The journalist, the UK Guardian’s economics editor and ex-HM Treasury worker, focuses on the so-called ‘unsustainable direction of UK debt’ as the headline indicates.
The fear is always in the headline.
The Office of Budget Responsibility (OBR), which is one of those organisations that regularly pump out economic forecasts that are usually rendered totally incorrect a few periods later, claims that unless austerity is implement now “debt would move on to what would be an unsustainable, ever-upward path from around the 2040s.”
Really?
The media rarely reports on who holds all the outstanding British government debt.
The recent data shows that of the £2,984 billion outstanding debt (as of May 31, 2026), the major holders are:
1. Monetary financial institutions (private banks etc) – 27.5 per cent of total.
2. Insurance companies and pension funds – 20.2 per cent.
3. Other financial institutions – 18.5 per cent.
4. Households – 0.1 per cent.
5. Overseas investors (global funds, foreign governments, other central banks)- 33.6 per cent.
6. British government – 25-30 per cent.
Some of these categories overlap.
In relation to 6, a search produced this summary:
The British government owns about 25-30% of its own national debt, which equates to roughly £700–800 billion of the total £2.9 trillion debt pile. This massive internal holding is almost entirely made up of UK government bonds (gilts) purchased by the Bank of England through its Quantitative Easing (QE) Asset Purchase Facility.
Now imagine that the British government legislated to cancel the debt it owes itself.
Perhaps we might also imagine they did that in secret overnight and then imagine what the British household would experience when they woke up next morning.
They would go about their day with no impact from the secret decision at all.
Some economists might find out and scream blue murder – ‘the Bank of England will go broke’, ‘The Bank has negative capital’ or irrelevancies such as that.

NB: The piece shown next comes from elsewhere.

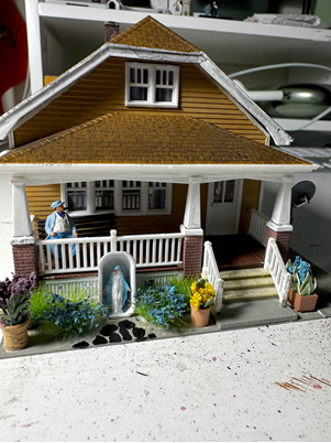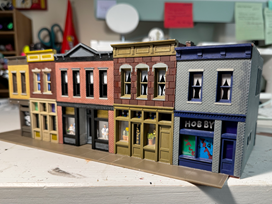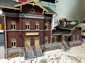 The first has been the subject of many follow-up questions from our readers—the progress on my HO scale model railroad layout. I’m happy to report that there has been much progress. Our co-workers from the Physical Facilities department have been most generous in sacrificing their time to help me with the heavy lifting and carpentry. The bench work has been assembled, and the first section (8 ft x 4 ft) has been screwed into place. We’re simply waiting on the board to stop warping before I proceed with landscaping and scenery. In the meantime, I’ve been keeping myself occupied with painting, assembling, and weathering more structures for the layout. I recently completed a pair of Hampden row houses, a staple of the city of Baltimore, as well as a train station; I also added scenery to structures I had already assembled. Please enjoy a sampling of my oeuvre thus far.

But life would basically be uninterrupted and the journalists would have to write a different story altogether.
The £2.9 trillion would become around £2 trillion overnight or from around 95 per cent of GDP to 66.5 per cent and the mainstream narrative would have to change dramatically.
There would be nothing to instigate all the crisis talk.
Which is why (apart from the more obvious Modern Monetary Theory (MMT) points about currency-issuing governments etc), the whole beat up about crisis and insolvency and the need for austerity is ridiculous.
Any progressive journalist should start feeding that simple suggestion into the narrative to recondition the public debate.
If the public understood how the government held around 30 per cent of all of its outstanding debt and one part of government was paying another part interest, which was then repatriating the interest (mostly) back to the other part (as dividends) then all the talk of funding crises, rising borrowing costs and the rest of it would not hold much sway.
Conclusion
Much of the public commentary on economic matters, particularly pertaining to fiscal matters, is conditioned by incomplete information and the imposition of false constraints.
The crisis narratives that then emerge are really without substance but serve to pervert economic policy making which damages the least able citizens and largely benefits the top-end-of-town.
I hope (without much hope) that the new British PM can see his way through all this nonsense and redefine the public debate.
That is enough for today!
(c) Copyright 2026 William Mitchell. All Rights Reserved.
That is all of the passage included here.